# Bring these two dull products together and get my money



## axtstern (Jul 26, 2018)

Ebay is recently flooded with EF to EOS M speedboosters.
Made to poorest standards and not having any electronics inside they are probably a step backwards....
But they show it can be done. Why is no real fine optics company jumping on the train to build a quality speedbooster with full lens feature support?


----------



## andrei1989 (Jul 27, 2018)

https://www.canonnews.com/speedbooster-coming-to-ef-m-soon

this popped up in a google search for ef-m speedbosters 

it would indeed be interesting


----------



## hne (Jul 27, 2018)

Oh snap! Time to buy a used EOS M fast before the rest of the market catches up to the news!
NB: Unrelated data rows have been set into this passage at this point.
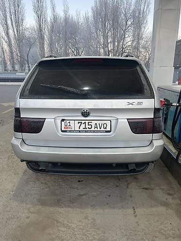 BMW X5 (E53), серебристый внедорожник. Кузов и внешний вид: - Классический дизайн первого поколения X5 E53 - Серебристый цвет, заводные рейлинги на крыше - Литые диски BMW большого диаметра - Тони...
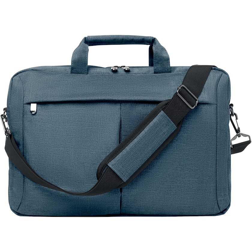 Borsa per portatile professionale in poliestere resistente con dettagli in metallo. La borsa ha uno scomparto imbottito che contiene la maggior parte dei computer fino a 15 pollici. Sul lato anteriore si trova una tasca con chiusura a lampo e sul lato posteriore un gancio per trolley.
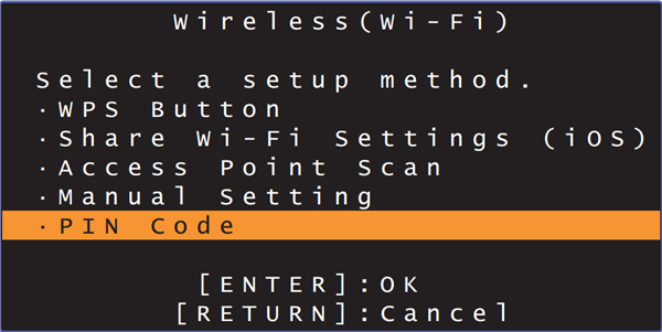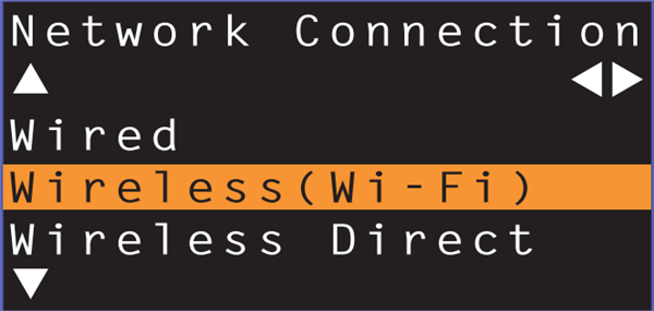 6、使用 【上/下】 键选择 “Wireless (Wi-Fi)”,然后按 ENTER 键。
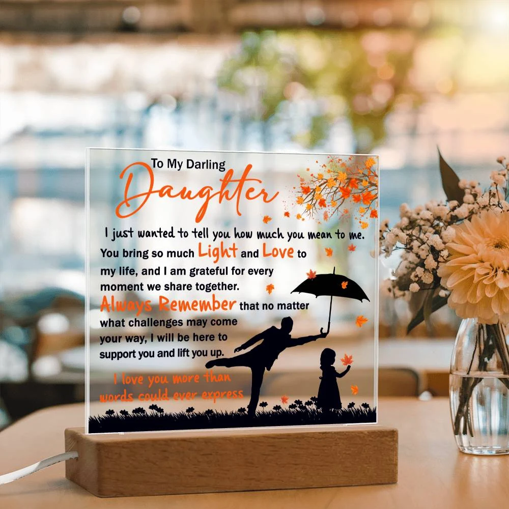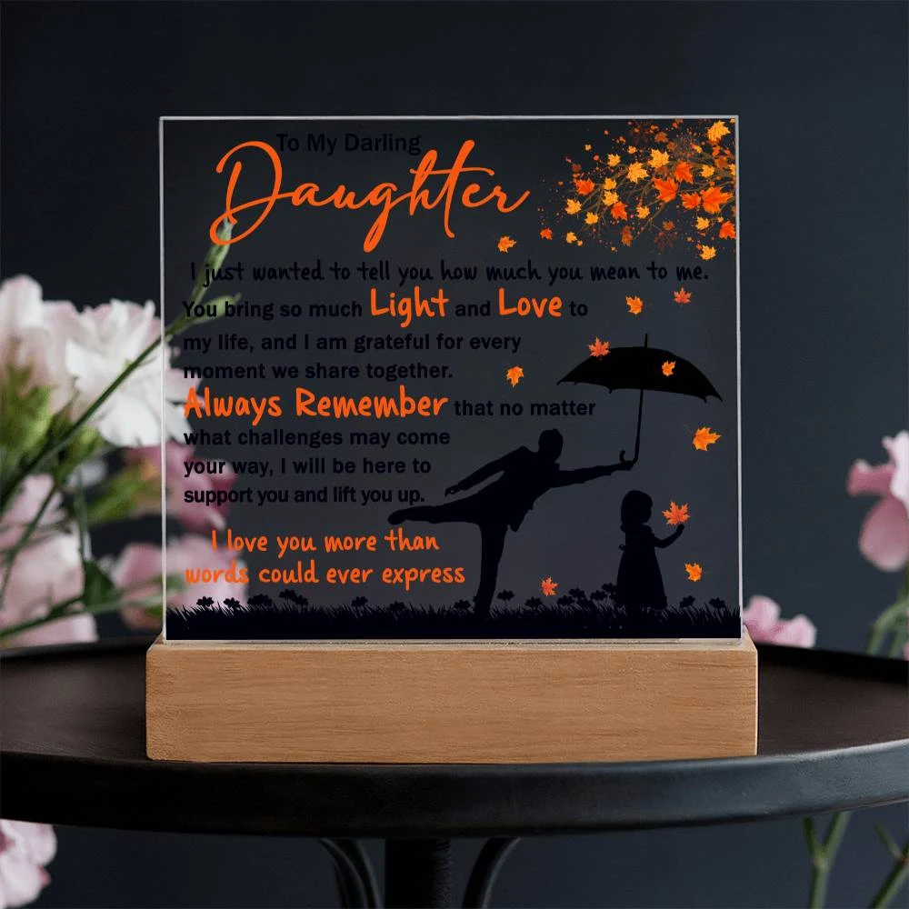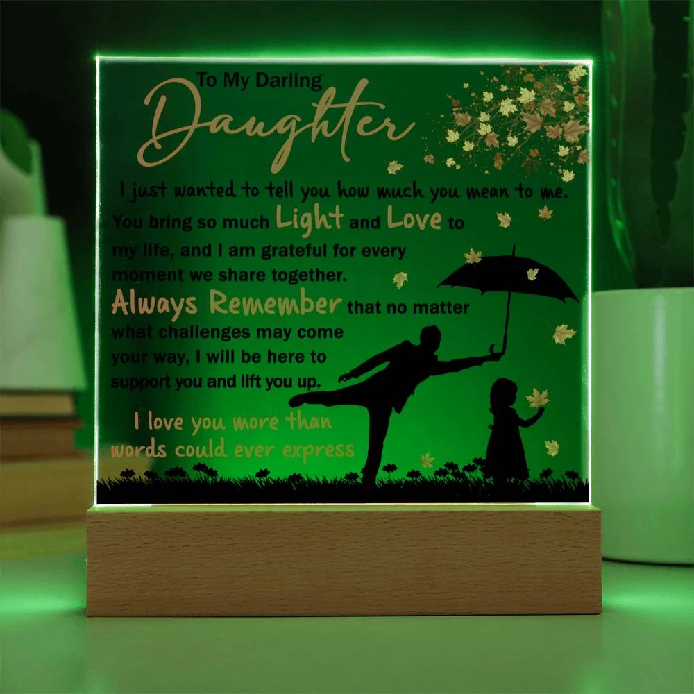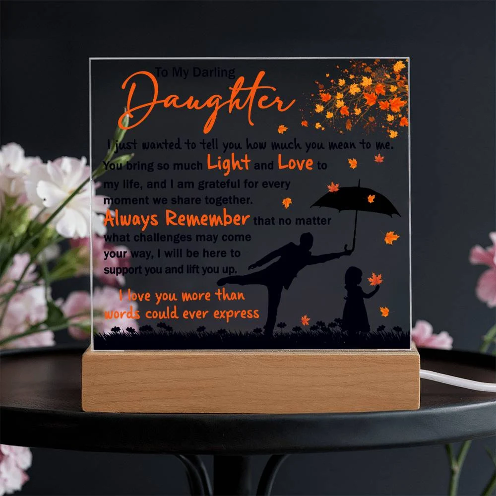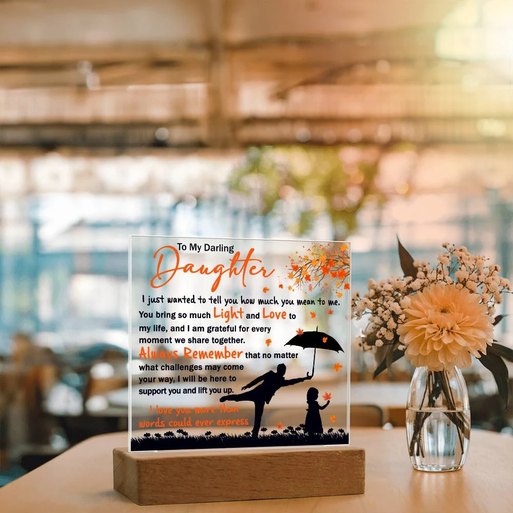 Your plaque will be crafted from premium acrylic with a professionally printed design for a polished look. It comes with a stylish wooden LED base, and you can choose between a USB plug-in option OR a cordless battery-operated option (requires 2 AAA batteries, not included). Both LED bases feature 7 vibrant colors, allowing the user to customize the lighting with various color changes and dynamic cycles.

Or wait for a FF mirrorless. Size ain't no argument when you have that 85L dangling off the EF-M adapter. Tried it. Ridiculous.


----------



## axtstern (Jul 27, 2018)

I agree, the 85L 1.2 Grapefruit is a heavy add on for an M... but a 70-200 4.0 IS that behaves like 70 200 2.8 IS for half the money and half the weight?


----------



## andrei1989 (Jul 27, 2018)

would a speedbooster also work for EF-S lenses?
or would it shrink the image circle? i don't know how it works...


----------



## AlanF (Jul 27, 2018)

andrei1989 said:


> would a speedbooster also work for EF-S lenses?
> or would it shrink the image circle? i don't know how it works...



The speedbooster acts like a magnifying glass, concentrating the image over a smaller area. So, it will shrink the image circle.


----------



## axtstern (Jul 27, 2018)

I assume that crop factor lenses from Sigma and Tamron will show dark corner, Canon EFS might even collide with the glas in the speedbooster


----------



## andrei1989 (Jul 30, 2018)

axtstern said:


> I agree, the 85L 1.2 Grapefruit is a heavy add on for an M... but a 70-200 4.0 IS that behaves like 70 200 2.8 IS for half the money and half the weight?



the 70-200 f4 would be the lens fuji already has: 50-140 f2.8, which would be awesome and actually make me buy one


----------



## jolyonralph (Jul 31, 2018)

hne said:


> Size ain't no argument when you have that 85L dangling off the EF-M adapter. Tried it. Ridiculous.



Indeed it is very ridiculous, but a fun combination which I have used in anger - see (the first part of at least) http://www.everyothershot.com/canon-ef-m-28mm-f3-5-macro-stm-quick-review/


----------



## andrei1989 (Sep 28, 2018)

https://www.canonnews.com/speedbooster-coming-to-ef-m-soon
_Update: Viltrox got back to us very quickly with confirmation that this adapter will be released in the next 2-3 months. _

well...it's been 2-3 months...any news on this?
for those of you who go to photokina: can you swing by the viltrox stand and shake them a bit?


----------



## andrei1989 (Oct 17, 2018)

apparently viltrox had a prototype at photokina 
https://www.dpreview.com/forums/post/61724031

rumored launch date is end of the month with a price of ~180$
this plus a 50 1.8 makes for a half priced alternative to the recent 32 1.4 

the adapter is already listed on the chinese page of viltrox, but not the english one...

_Edit 20.10: it's listed also on the english website _


----------



## andrei1989 (Nov 2, 2018)

it's finally here! 
https://www.ebay.de/itm/Original-VI...h=item33f8a20590:g:enoAAOSwyWxb3Gn8:rk:2:pf:0

i'm sure more of these will appear on ebay and eventually on amazon


----------